Lupito Tovar is far better than Helen Chandler as Mina (Eva in the Spanish version) but the part is so thinly-written that there is little an actor can do with the role, either for good or ill. Chandler belongs to the Gloria Stuart school of acting, which means she delivers every line with a high, tremulous uncertainty, as though trying to make up her mind whether to scream or faint.

One of my favorite moments from the English-language Dracula is missing from the Spanish-language version. In Tod Browning's version, Dr. Van Helsing reveals that Mina has been bitten on the neck. "What could have caused this?" Harker demands. Then we hear a voice say "Count Dracula". Everyone turns to see Count Dracula standing in the entrance of the drawing room, and it is only then we realize that the maid is announcing his arrival.

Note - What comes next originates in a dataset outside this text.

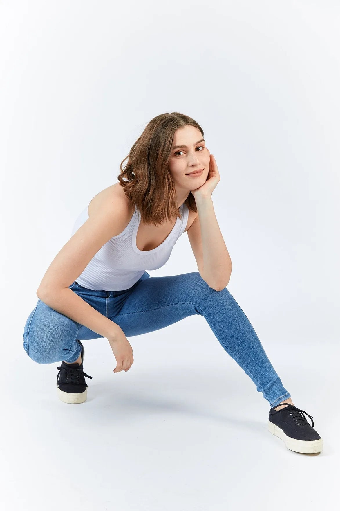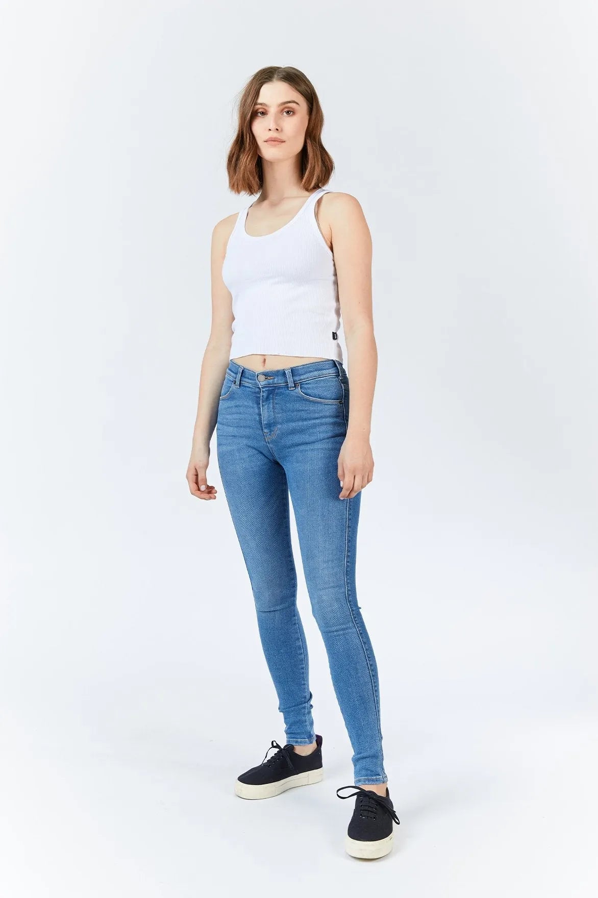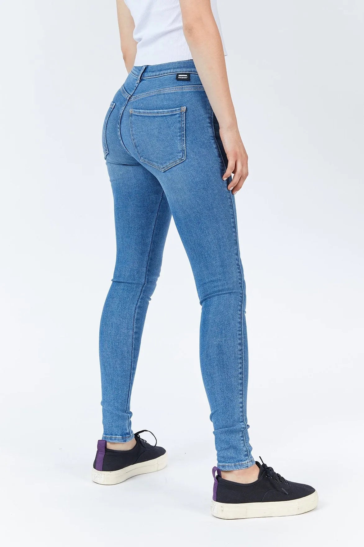 Super skinny fit with a second skin leg and mid rise waist. Super stretch fabric in a blue wash.

And while the Spanish-languge version does better with the business about the mirror in the cigarette box (Van Helsing looks in the mirror and sees Eva holding her hand up for Dracula to kiss, with Dracula nowhere to be seen) it's more effective for Dracula to simply knock the cigarette case out of Van Helsing's hands, as Lugosi does, rather than smash it to pieces with the cane, as Villarias has him do. Sometimes, even in horror films, less is more.


Night Monster





Synopsis: The Ingston mansion lies near the Pollard Slough, a swamp in rural New England, miles from the nearest town. It's gloomy enough in the daytime, but at night it's really creepy. That's when the fog rolls in and weird things start happening.
Kurt Ingston (Ralph Morgan) is the wealthy old recluse who lives there, along with his crazy sister Margaret (Fay Helm) and a gaggle of creepy domestics.  In fact the only one in the house who isn't a weirdo is the maid, Milly (Janet Shaw), but she hasn't been there long and has decided to quit. She is creeped out by the place and by its inhabitants. She also thinks that someone from the Ingston house is responsible for a murder that happened nearby, and that there might even be a connection between the murder and a hulking creature seen roaming the area at night. The local constable, however, isn't buying it.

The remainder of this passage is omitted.